This guide deals with the registration requirements for overseas companies, in particular the requirements when they differ from those for UK companies. The guide also includes some information about overseas limited liability partnerships.
Section 3.6 on cross-border mergers has been corrected to explain that where the transferee is not a UK company, the merger must be approved by the relevant competent authority in the member state. This may be a Companies Registry rather than a court.
Section 4.3 on execution without a common seal has been amended to include an example of execution where the authorised person is a corporate body incorporated in England and Wales.
Section 5 on insolvency has been amended to confirm that the evidence of liquidation for an overseas company required is a certified copy of the court order or other documents relied on and the written opinion of a lawyer as to the nature and effect of the liquidation.
Section 4.3 of the guide has been updated to clarify the execution requirements for a document by an overseas company without a common seal. This reflects the amendment made to Paragraph E of Schedule 9 to the Land Registration Rules 2003 by the Land Registration (Amendment) Rules 2018 coming into force on 6 April 2018. Section 3.3 of the guide has been amended as rule 111A is being revoked by the Land Registration (Amendment) Rules 2018 coming into force on 6 April 2018.

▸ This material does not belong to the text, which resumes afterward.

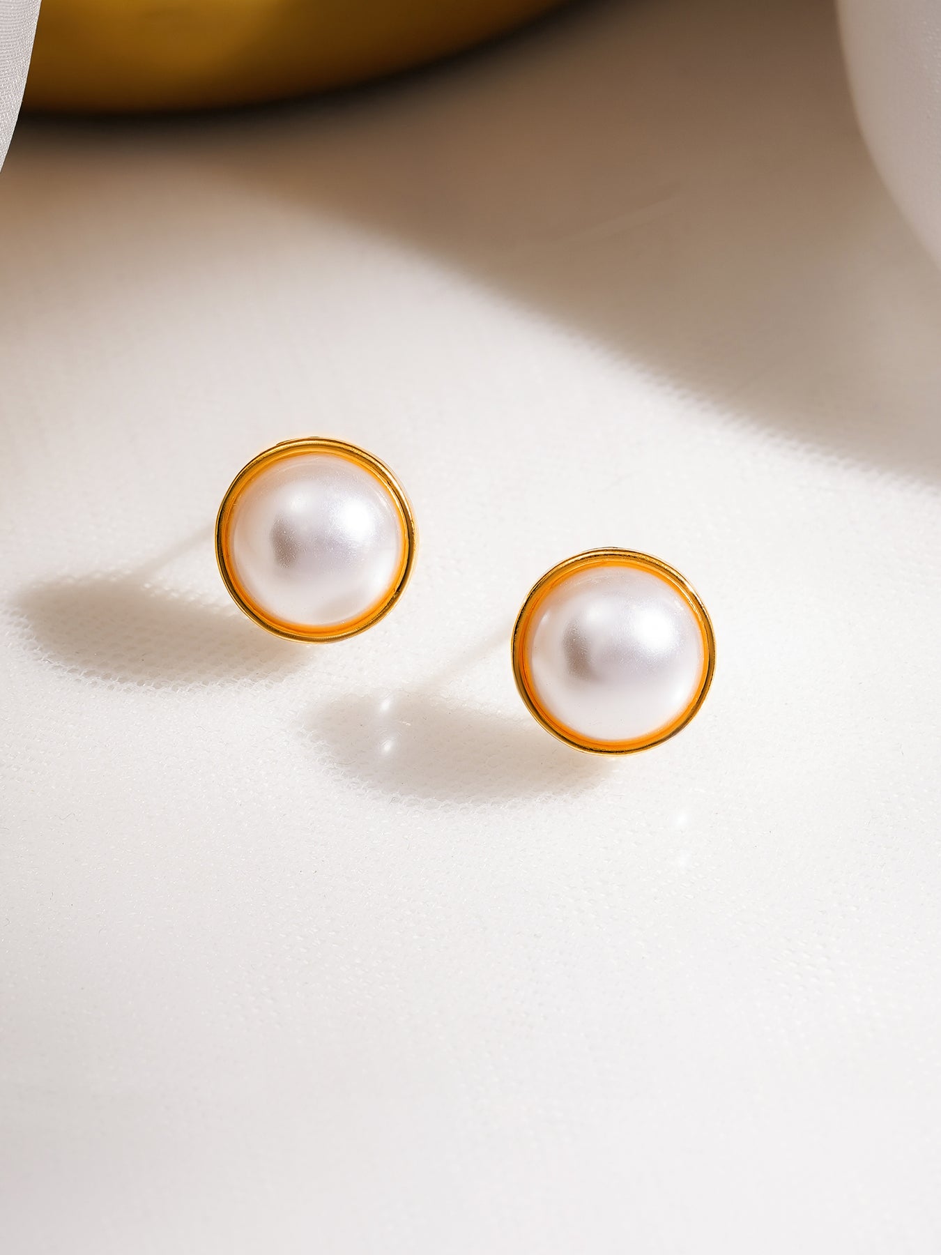 Crafted in 18K gold plated brass, these stud earrings feature a smooth white pearl centre framed in a clean round design, offering elegant comfort for daily and refined occasions.

Section 4.2 has been amended. As a result of the Overseas Companies (Execution of Documents and Registration of Charges) Regulations 2009 the form of execution set out in Schedule 9, Part E of the Land Registration Rules 2003 is no longer correct, in addition, the Land Registration (Amendment) Rules 2018 will amend Part E with effect from 6 April 2018.
Section 3.3 has been amended to clarify our practice as a result of customer feedback.
Section 3.8 now confirms the actual date when Societas Europaea were introduced into UK law and a new section 4.4 has been added which deals with discharges.